Segment Open

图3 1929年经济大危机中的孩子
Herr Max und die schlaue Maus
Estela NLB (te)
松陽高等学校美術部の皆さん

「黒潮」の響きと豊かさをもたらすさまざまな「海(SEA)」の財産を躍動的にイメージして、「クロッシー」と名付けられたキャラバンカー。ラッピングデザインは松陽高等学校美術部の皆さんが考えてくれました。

Segment Closed
Segment Open

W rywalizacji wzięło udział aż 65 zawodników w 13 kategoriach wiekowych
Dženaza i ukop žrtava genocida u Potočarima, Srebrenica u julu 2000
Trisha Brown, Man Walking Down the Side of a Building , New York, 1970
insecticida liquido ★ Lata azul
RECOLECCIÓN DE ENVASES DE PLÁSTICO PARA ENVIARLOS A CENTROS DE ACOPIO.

Segment Closed

WORK TO COMPLETE: In the listing above, find the line containing "Dženaza i ukop" and the line containing "RECOLECCIÓN DE ENVASES", then repeat those two lines and everything between them exactly.

TASK SOLUTION:
Dženaza i ukop žrtava genocida u Potočarima, Srebrenica u julu 2000
Trisha Brown, Man Walking Down the Side of a Building , New York, 1970
insecticida liquido ★ Lata azul
RECOLECCIÓN DE ENVASES DE PLÁSTICO PARA ENVIARLOS A CENTROS DE ACOPIO.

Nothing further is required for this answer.